The element was newly inserted
The set elements after 1st insertion are : 20 
The set elements after 2nd insertion are : 20 24 
The set elements after 3rd insertion are : 20 24 25 26 

    Using emplace : emplace is also used to insert the element into the Set. This function is similar to “insert()” discussed above, the only difference being that “in-place” construction of element takes place at the position of element insertion contrary to insert() which copies or movies existing object.

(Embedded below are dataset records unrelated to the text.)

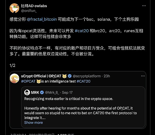 ● 关于利用主网协议的解决方案,有看法:「因为有 opcat 灵活性,未来可以开发 #cat20 和 brc20,arc20,runes 互相转换功能。帮助主网协议资产解决流动性问题,主网的用户更愿意去支持形成合力,fb 这个侧链就大有可为,能快速发展起来」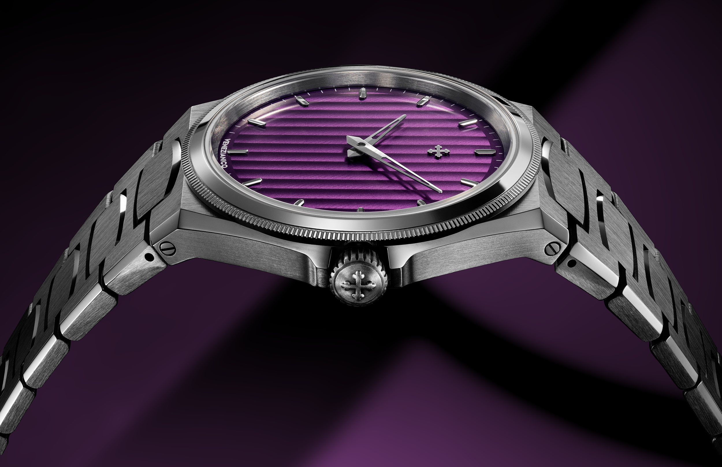 Arsenale celebra l’eleganza dell’essenziale con il suo quadrante Côtes de Genève verticale. Le linee incise riflettono giochi di luce unici e raffinati, trasformando la sobrietà di un quadrante puro in uno stile senza tempo.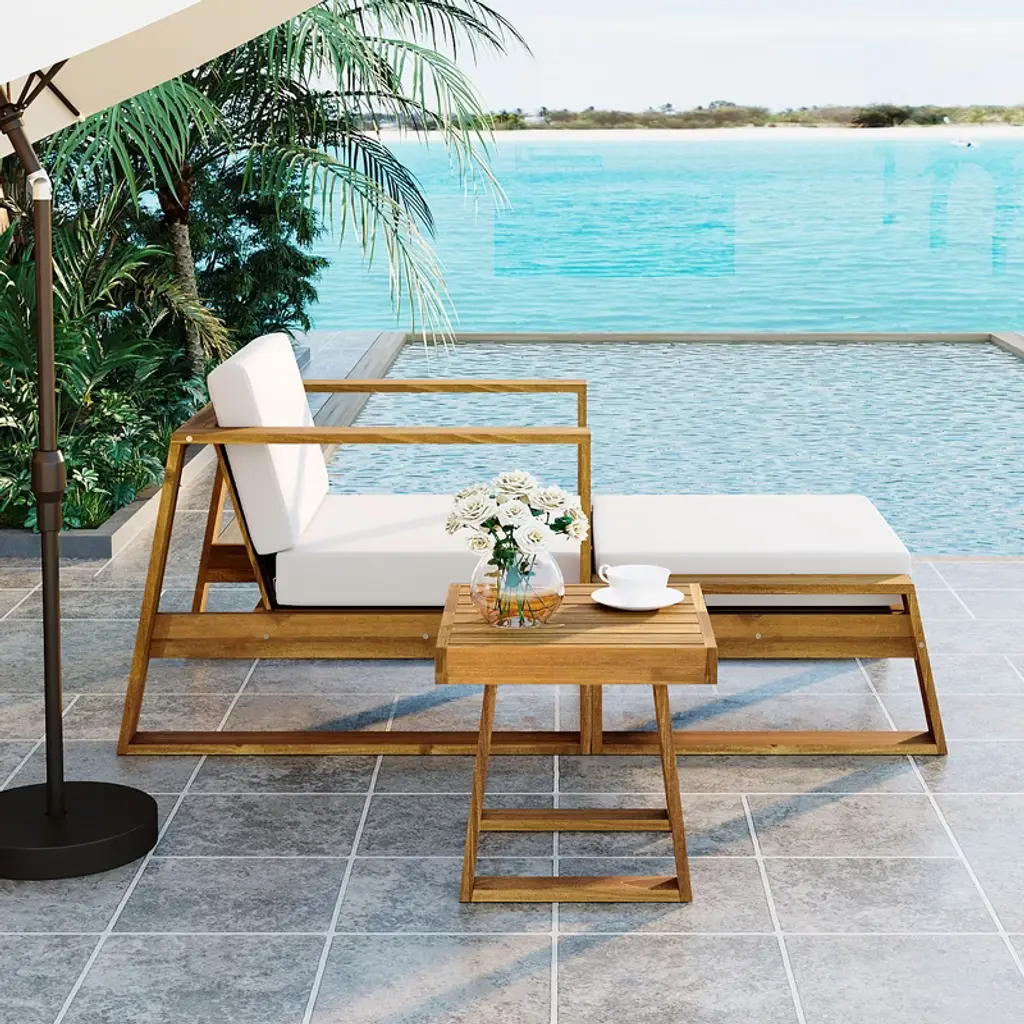 Ktmbdw 3-piece Patio Furniture Set, Chair With Adjustable Backrest And Removable Cushions, Ottoman & Table, Outdoor Garden Furniture Sets, Beige

  • emplace() : Inserts element using in-place construction strategy. Increases the size of set by 1. returns a pointer pair. 1st element of which is iterator pointing to the position of inserted element. 2nd returns a boolean variable indicating an already present or newly created element.
  • emplace_hint() : Takes a “hint_iterator” to get a hint of position of insertion to possibly reduce the time required to insert the element inserted. This does not effect the position of insertion. It takes place where it is defined to internally.
// C++ code to demonstrate the working of emplace()
// and emplace_hint()
#include<iostream>
#include<set> // for set operations
using namespace std;

int main()
{
    // declaring set
    set<int> st;

    // declaring iterators
    set<int>::iterator it = st.begin();
    set<int>::iterator it1, it2;

    // declaring pair for return value of set containing
    // set iterator and bool
    pair< set<int>::iterator,bool> ptr;

    // using emplace() to insert single element
    // inserting 24
    ptr = st.emplace(24);

    // checking if the element was already present or
    // newly inserted returns true. newly inserted
    if (ptr.second)
        cout << "The element was newly inserted" ;
    else cout  << "The element was already present" ;

    // printing set elements after insertion
    cout << "\nThe set elements after 1st insertion are : ";
    for (it1 = st.begin(); it1!=st.end();  ++it1)
        cout << *it1 << " ";

    // using emplace() to insert single element
    // inserting 24 // not inserted this time
    ptr = st.emplace(24);

    // checking if the element was already present or
    // newly inserted returns false. already inserted
    if (ptr.second)
        cout << "\nThe element was newly inserted" ;
    else cout  << "\nThe element was already present" ;

    // printing set elements after insertion
    cout << "\nThe set elements after 2nd insertion are : ";
    for (it1 = st.begin(); it1!=st.end();  ++it1)
        cout << *it1 << " ";

    // inserting set elements using hint
    st.emplace_hint(it,25);

    // printing set elements after insertion
    cout << "\nThe set elements after 3rd insertion are : ";
    for (it1 = st.begin(); it1!=st.end();  ++it1)
        cout << *it1 << " ";
}

Output:

The element was newly inserted
The set elements after 1st insertion are : 24 
The element was already present
The set elements after 2nd insertion are : 24 
The set elements after 3rd insertion are : 24 25 

Deletion

    Using erase() : erase() is used to erase the element in set mentioned in argument, either its position, its value or a range of number.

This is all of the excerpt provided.